## Your task:
Carry none of the pictures over; write out the complete data exactly.

[Opening Collected data section]

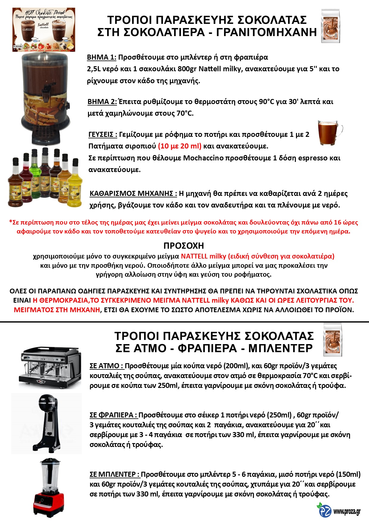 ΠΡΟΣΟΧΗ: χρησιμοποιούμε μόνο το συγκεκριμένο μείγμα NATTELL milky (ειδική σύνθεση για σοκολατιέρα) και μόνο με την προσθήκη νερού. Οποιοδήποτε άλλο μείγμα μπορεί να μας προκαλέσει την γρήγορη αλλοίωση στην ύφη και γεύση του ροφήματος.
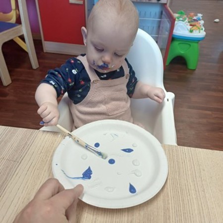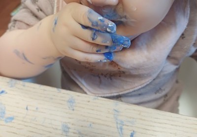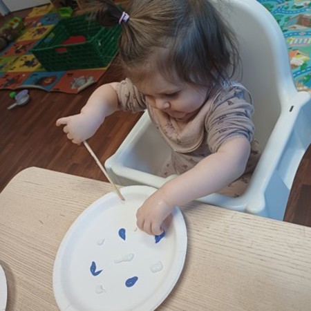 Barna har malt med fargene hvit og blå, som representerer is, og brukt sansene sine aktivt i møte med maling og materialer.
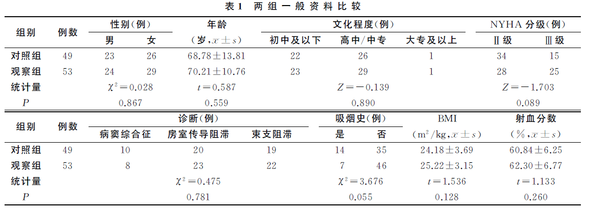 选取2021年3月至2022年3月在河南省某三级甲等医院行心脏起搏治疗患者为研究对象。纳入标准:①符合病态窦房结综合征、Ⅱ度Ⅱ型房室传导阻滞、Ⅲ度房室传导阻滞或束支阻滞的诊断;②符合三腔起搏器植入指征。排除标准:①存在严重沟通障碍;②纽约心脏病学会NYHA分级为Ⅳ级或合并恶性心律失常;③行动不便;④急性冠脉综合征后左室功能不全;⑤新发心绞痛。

[Closing Collected data section]

## Answer section:
 ΠΡΟΣΟΧΗ: χρησιμοποιούμε μόνο το συγκεκριμένο μείγμα NATTELL milky (ειδική σύνθεση για σοκολατιέρα) και μόνο με την προσθήκη νερού. Οποιοδήποτε άλλο μείγμα μπορεί να μας προκαλέσει την γρήγορη αλλοίωση στην ύφη και γεύση του ροφήματος.
 Barna har malt med fargene hvit og blå, som representerer is, og brukt sansene sine aktivt i møte med maling og materialer.
 选取2021年3月至2022年3月在河南省某三级甲等医院行心脏起搏治疗患者为研究对象。纳入标准:①符合病态窦房结综合征、Ⅱ度Ⅱ型房室传导阻滞、Ⅲ度房室传导阻滞或束支阻滞的诊断;②符合三腔起搏器植入指征。排除标准:①存在严重沟通障碍;②纽约心脏病学会NYHA分级为Ⅳ级或合并恶性心律失常;③行动不便;④急性冠脉综合征后左室功能不全;⑤新发心绞痛。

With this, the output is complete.